Voilà un ouvrage bien difficile à chroniquer. Non seulement parce qu’il s’agit d’un recueil de nouvelles, mais aussi, et surtout parce qu’il me laisse un sentiment de malaise. Une chose est certaine, l’esprit est totalement différent de celui de La formule préférée du professeur. Au point que s’en est presque effrayant.
Ne sachant guère comment procéder, je vais faire les choses dans l’ordre, et prendre les nouvelles les unes après les autres.
La piscine : Aya-chan a grandit et vit dans l’orphelinat que dirigent ses parents chrétiens. Fasciné par un des pensionnaires qu’elle connaît depuis l’enfance, elle ne parvient pas à extérioriser cet amour, pas plus qu’aucun autre de ses sentiments. Jalouse, malheureuse, elle prend un plaisir pervers à faire souffrir les plus petits.
Cette nouvelle est assez glaçante. Yoko Ogawa fait le portrait d’une adolescente à la dérive, qui ne se sent plus vivre que par le mal qu’elle provoque et qui, pourtant, éprouve le désir d’une pureté qu’elle sait ne pouvoir atteindre. Peut-être même est-elle cruelle parce que le monde qui l’entoure ne peut atteindre cette perfection. Les personnages dépeints le sont au prisme de son regard, et du mépris qu’elle peut ressentir pour leur médiocrité.

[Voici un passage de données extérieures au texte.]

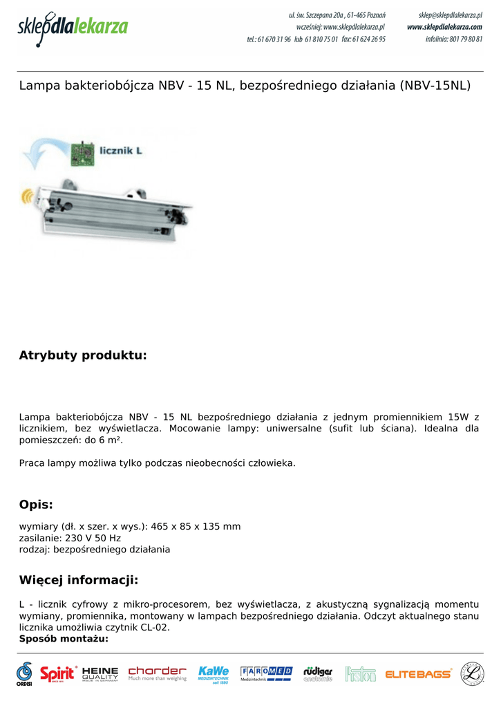 Lampa bakteriobójcza NBV - 15 NL, bezpośredniego działania (NBV-15NL) Atrybuty produktu: Lampa bakteriobójcza NBV - 15 NL bezpośredniego działania z jednym promiennikiem 15W z licznikiem, bez wyświetlacza. Mocowanie lampy: uniwersalne (sufit lub ściana). Idealna dla pomieszczeń: do 6 m². Praca lampy możliwa tylko podczas nieobecności człowieka. Opis: wymiary (dł. x szer. x wys.): 465 x 85 x 135 mm zasilanie: 230 V 50 Hz rodzaj: bezpośredniego działania Więcej informacji: L - licznik cyfrowy z mikro-procesorem, bez wyświetlacza, z akustyczną sygnalizacją momentu wymiany, promiennika, montowany w lampach bezpośredniego działania. Odczyt aktualnego stanu licznika umożliwia czytnik CL-02. Sposób montażu: N - uniwersalna (ścienno-sufitowa), przeznaczone są do podniesienia i utrzymania poziomu czystości mikrobiologicznej pomieszczeń, urządzenia te emitują promieniowanie UV-C o długości fali 253,7 nm, nieodwracalnie dezaktywują bakterie, wirusy, pleśnie, grzyby oraz wszelkie inne drobnoustroje, lampa bakteriobójcza skutecznie dezynfekuje powietrze i powierzchnię, odbłyśnik wykonany z aluminium odblaskowego o bardzo wysokiej jakości, przeznaczone są do stosowania na blokach operacyjnych, w gabinetach zabiegowych, opatrunkowych, salach chorych, przychodniach, laboratoriach, aptekach, w przemyśle farmaceutycznym, spożywczym i kosmetycznym, skuteczność działania lamp bakteriobójczych potwierdzona badaniami, wszelkie wymagane certyfikaty. DANE TECHNICZNE: napięcie zasilania: 230 V 50 Hz pobór mocy: 25 VA element emitujący promieniowanie UV-C: TUV15W natężenie promieniowania UV-C w odległości 1 m : 0,9 W / m2 trwałość promiennika : 8000 h dezynfekowana powierzchnia: 6-8 m2 obrót lampy (możliwość ustawienia) kąta naświetlenia: 200 ° klasa zabezpieczenia ppor.: I typ obudowy : IP 20 rodzaj pracy: ciągła wymiary kopuły: 465 x 85 x 135 mm długość uchwytu: 120 mm typ licznika: bez wyświetlacza Powered by TCPDF (www.tcpdf.org)
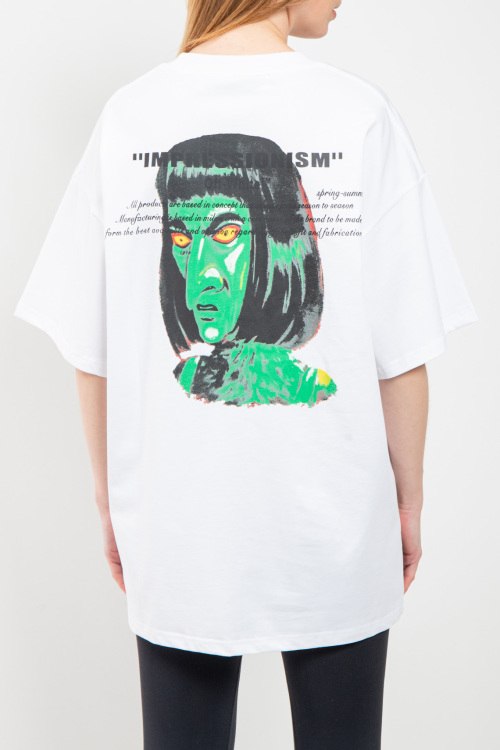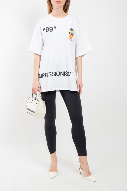 Женская белая хлопковая футболка от Off-White (Офф-Вайт). Принт спереди и сзади, круглый вырез горловины, фасон oversize, короткий рукав, удлиненная длина.
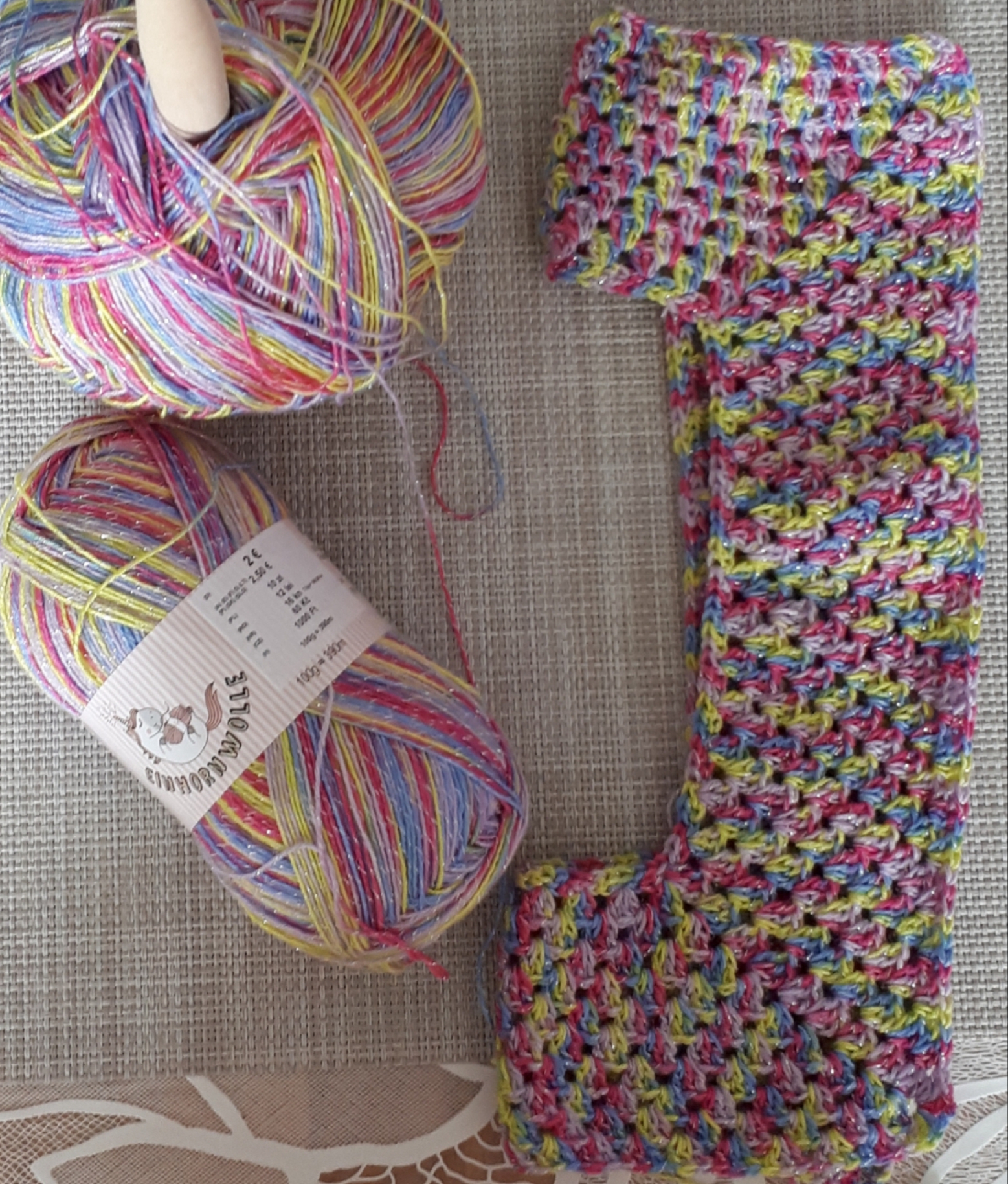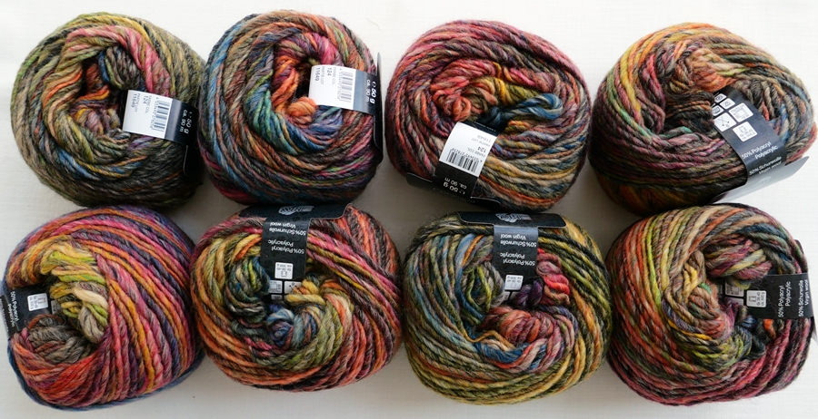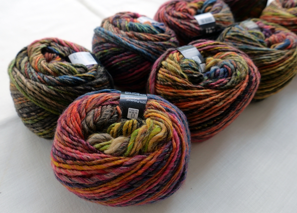 Die Wolle ("Mezzo" von Lana Grossa) konnte ich mit Nachlass im Internet bekommen, weil sie leider nicht mehr hergestellt wird. Das finde ich total schade, denn sie ist ganz weich und kratzt gar nicht. Seht Ihr die schönen bunten Farben? Jedes Knäuel schaut anders aus, obwohl es die gleiche Farbnummer ist. Ich bin sehr gespannt, wie sie verstrickt ausschaut.
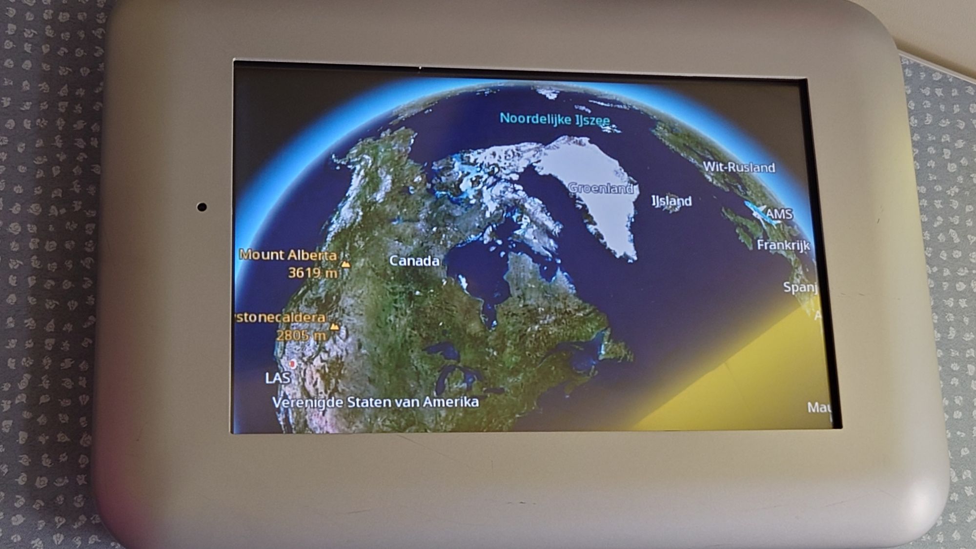 Als we eenmaal op hoogte zijn, halen we de tablets tevoorschijn. We kijken het een en ander, eten wat, drinken wat en kijken nog wat meer. We luisteren wat muziek, kijken maar weer iets op onze tablet en zien de tijd langzaam verstrijken. Allemachtig, wat duurt die rit lang!

Les abeilles : un directeur de résidence universitaire sans bras et unijambiste, des disparitions mystérieuses. Une ambiance horrifique, où l’étrange s’instille petit à petit dans la vie d’une jeune femme. Je suis restée assez perplexe quand à la signification de cette histoire qui mène à la découverte d’une gigantesque ruche… Est-elle la cause des disparitions ? Le symbole d’un monde qui court à l’effondrement sous le poids de sa propre démesure ? Je suis ouverte à toute interprétation…
La grossesse : probablement la nouvelle la plus violente d’un recueil qui n’est pas tendre. Une jeune femme empoisonne sciemment sa sœur enceinte avec des pamplemousses traités avec un produit provoquant des déformations fœtales.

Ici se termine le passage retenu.